Jaime lunged at Kyle. The same violent urge blistered the sinew of Brienne’s muscles, eroding her instincts. Kyle recoiled, eyes on the red-etched lions that had savaged him.

Her hand grasped Jaime’s shoulders, yanking him back with more force than she would’ve thought necessary. His muscles tensed, quivering under her palms.

Kyle settled back as though nothing had happened, smiling lazily as he glanced around the broken conversations to make sure West Eros High was fixed on the spectacle.

“Leash your housecat,” he joked at Brienne. “One taste of hellcat was enough for me.” He raised his brows, eyes drifting toward parts of her that made her want to vomit.

Laughter swelled as if scripted. Kyle didn’t need to finish his insinuation for everyone to hear the word and lob it at her. Crudities clawed her back, leaving burning trails in the rents.

Jaime jolted under her fingers, almost slipped her grip. She hissed his name under her breath and held firm until he stopped tugging against her restraint. Jaime stilled, became a taut wire alive with energy.

“Call me crazy,” he retorted, missing offhand entirely. “I like to date girls, not assault them.”
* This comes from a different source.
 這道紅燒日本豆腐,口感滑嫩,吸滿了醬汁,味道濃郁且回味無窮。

“Brienne enjoys love bites.” Kyle caught his lip between his teeth, licked away the suggestion.

“She does!”

Brienne and Jaime turned as one. Her hands dropped to catch in his elbows, making them a smaller target. The boy grinning at them had a hooknose, wiry hair, and eagerness in his eyes. She didn’t know who he was.
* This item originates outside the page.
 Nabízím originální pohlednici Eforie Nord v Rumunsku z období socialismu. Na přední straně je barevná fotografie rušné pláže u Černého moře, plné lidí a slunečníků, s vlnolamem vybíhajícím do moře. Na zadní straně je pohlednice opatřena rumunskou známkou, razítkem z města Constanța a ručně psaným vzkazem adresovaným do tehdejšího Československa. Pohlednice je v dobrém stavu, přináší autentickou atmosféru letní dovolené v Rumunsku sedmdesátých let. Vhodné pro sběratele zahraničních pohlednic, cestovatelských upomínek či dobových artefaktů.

“But kiss quick, Lannister. She’s hard to pin down for long.”

Kyle and the boy exchanged a loaded glance, and the pieces came together in a sick swirl of clarity.

Brienne looked over her shoulder, fighting the angry moisture flecking her eyes. Cersei loitered behind a cluster of baseball players, alone and seemingly unconcerned by the show, but her attention was fixed on Brienne. Upturned lips gave her face a sinister kind of satisfaction; to Brienne it looked fixed into place. The senior’s jaw was tight, back ramrod straight as she feigned disinterest.

Jaime hadn’t budged. Brienne remembered the way his body protected her that night, deflecting Cersei’s bitter promises. They’d ricocheted off his shield and clung to her anyway.

She refocused on the boys, willing her weakness away.

“I don’t know you,” she told the stranger through clenched teeth.

He blinked, shifting on his sneakers, clearly not expecting such a barefaced denial.

“She can’t even remember you, Oz,” Kyle teased him. “Has it been that many weeks?”

Brienne turned to Hunt, suddenly sure. “Don’t make me report you for sexual assault.”

He leaned forward, gathering the audacity to shrug and joke and twist her words to suit his meaning.

Brienne wasn’t listening. She jerked her hand from Jaime’s elbow and burrowed her fingers against his palm.

Jaime’s gaze flickered down to their tangled hands. Brienne clung to him so tenaciously that she felt a single breath might snap her in two. Jaime only resisted for half a tug before his feet were moving toward the door, matching her slow, deliberate pace past her tormentors.

Whispers erupted after them, tantalizing tendrils licking at her ankles. Brienne ignored the voices that trailed them, told herself she didn’t care.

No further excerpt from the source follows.